What is required
The entire listing that follows must be repeated exactly, pictures excluded.
[Given information Boundary: Start]
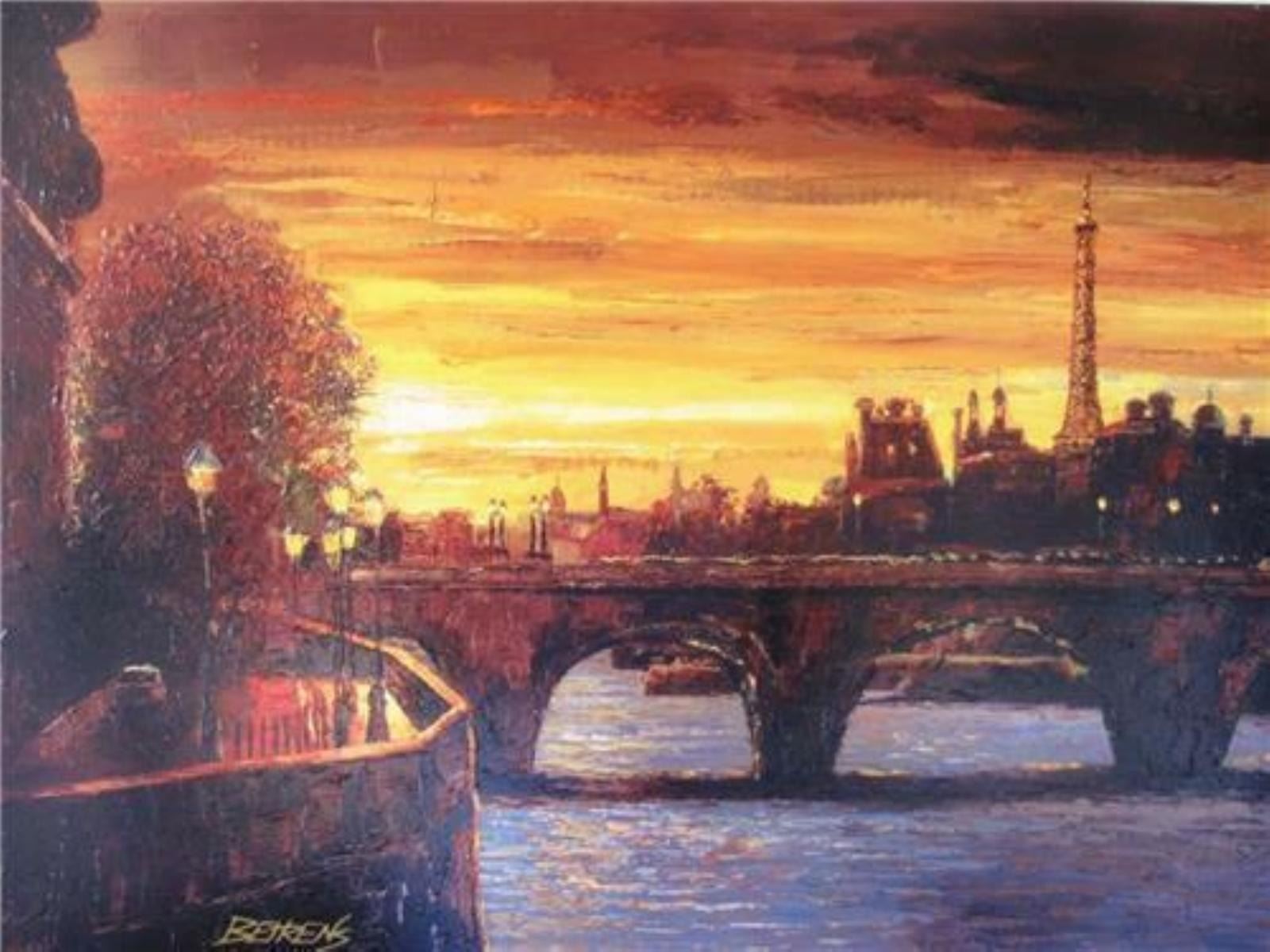Howard Behrens "TWILIGHT ON THE SEINE, II" This particular piece is from the 2010 "Five Carat Diamond" collection and was a special edition for an Art Connoisseur cruise. The Five Carat Diamond Collection is considered by far the top and highest value of any of the Behrens embellished Giclees. Please note that other listings with the same title may have not come from this particular and highly sought after edition. Intensely texturized/embellished, almost looks 3-D. It is almost indistinguishable from the original oil (except for the edition number) Medium: Hand Signed Limited Edition Heavily Embellished Giclee on Stretched Canvas Dimensions: 36 x 24 inches NOTE: Edition number may differ from the one pictured.
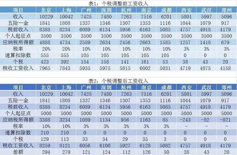 工资个税的计算公式:应纳税额=(工资薪金所得-“五险一金”-扣除数)×适用税率-速算扣除数。 在税率方面,我国实行七级超额累进税率,不同的应纳税所得额区间对应不同的税率,税率*低档为3%,*高档为45%。税率具体如下表所示: 到底是怎样能让我们省钱的?我们来粗略算一笔账。 如果月薪收入10000元,原来适用3%、10%、20%三档税率,需要缴纳个税345元; 改革后由于20%税率级距扩大,20%税率降为10%,纳税约为90元,减税255元,降幅达到74%。 也就是每月收入多增加255元,每月吃饭你可以多加很多鸡腿了。 看看不同城市的你,能“赚”多少钱?
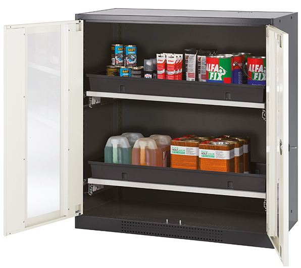 Skåpets färg Antracit grå (RAL 7016), med flygelörrar med glaspanel i Ren vit (RAL 9010), inredning med 2 x utdragbar hylla (stålplåt/polypropen pulverlackerad)
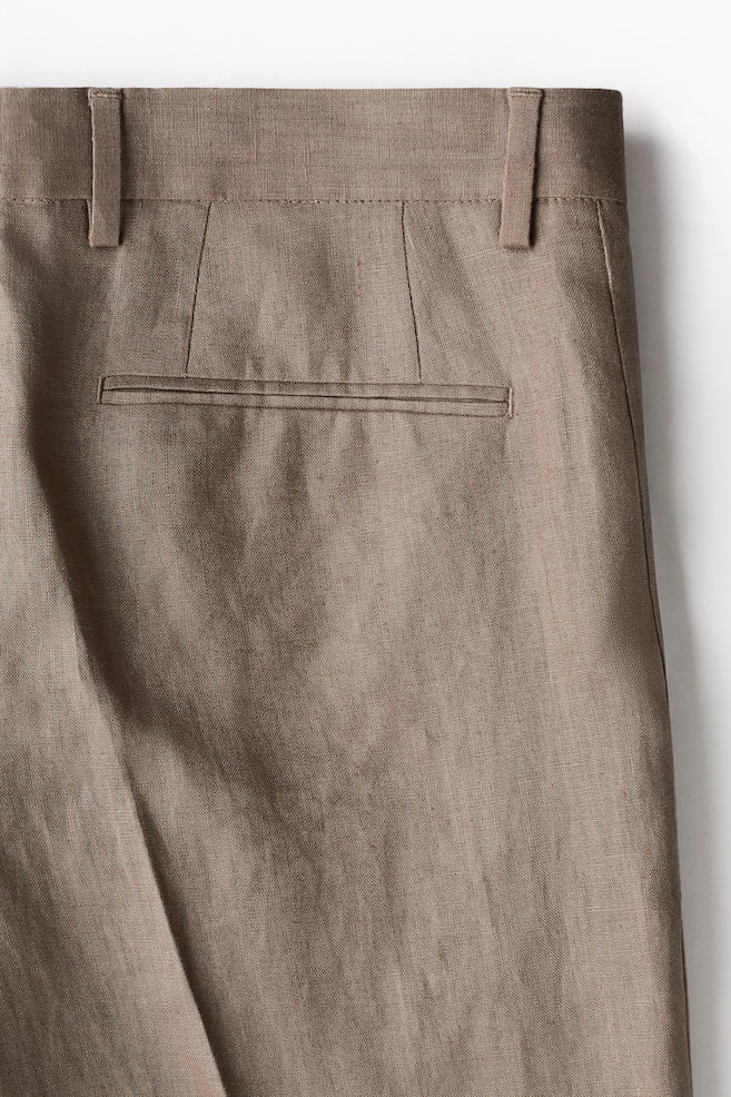 Костюмные брюки H&M Premium Selection из воздушного льна с потайной застежкой на планку и застежкой-молнией. Боковые карманы, складки и прорезные задние карманы. Slim fit — это покрой, который адаптируется к контурам тела и создает стройный силуэт. Лен — дышащий материал, который выглядит красиво как в глаженом виде, так и в складках, и со временем становится мягче.
[Given information Boundary: End]
Worked solution
Howard Behrens "TWILIGHT ON THE SEINE, II" This particular piece is from the 2010 "Five Carat Diamond" collection and was a special edition for an Art Connoisseur cruise. The Five Carat Diamond Collection is considered by far the top and highest value of any of the Behrens embellished Giclees. Please note that other listings with the same title may have not come from this particular and highly sought after edition. Intensely texturized/embellished, almost looks 3-D. It is almost indistinguishable from the original oil (except for the edition number) Medium: Hand Signed Limited Edition Heavily Embellished Giclee on Stretched Canvas Dimensions: 36 x 24 inches NOTE: Edition number may differ from the one pictured.
 工资个税的计算公式:应纳税额=(工资薪金所得-“五险一金”-扣除数)×适用税率-速算扣除数。 在税率方面,我国实行七级超额累进税率,不同的应纳税所得额区间对应不同的税率,税率*低档为3%,*高档为45%。税率具体如下表所示: 到底是怎样能让我们省钱的?我们来粗略算一笔账。 如果月薪收入10000元,原来适用3%、10%、20%三档税率,需要缴纳个税345元; 改革后由于20%税率级距扩大,20%税率降为10%,纳税约为90元,减税255元,降幅达到74%。 也就是每月收入多增加255元,每月吃饭你可以多加很多鸡腿了。 看看不同城市的你,能“赚”多少钱?
 Skåpets färg Antracit grå (RAL 7016), med flygelörrar med glaspanel i Ren vit (RAL 9010), inredning med 2 x utdragbar hylla (stålplåt/polypropen pulverlackerad)
 Костюмные брюки H&M Premium Selection из воздушного льна с потайной застежкой на планку и застежкой-молнией. Боковые карманы, складки и прорезные задние карманы. Slim fit — это покрой, который адаптируется к контурам тела и создает стройный силуэт. Лен — дышащий материал, который выглядит красиво как в глаженом виде, так и в складках, и со временем становится мягче.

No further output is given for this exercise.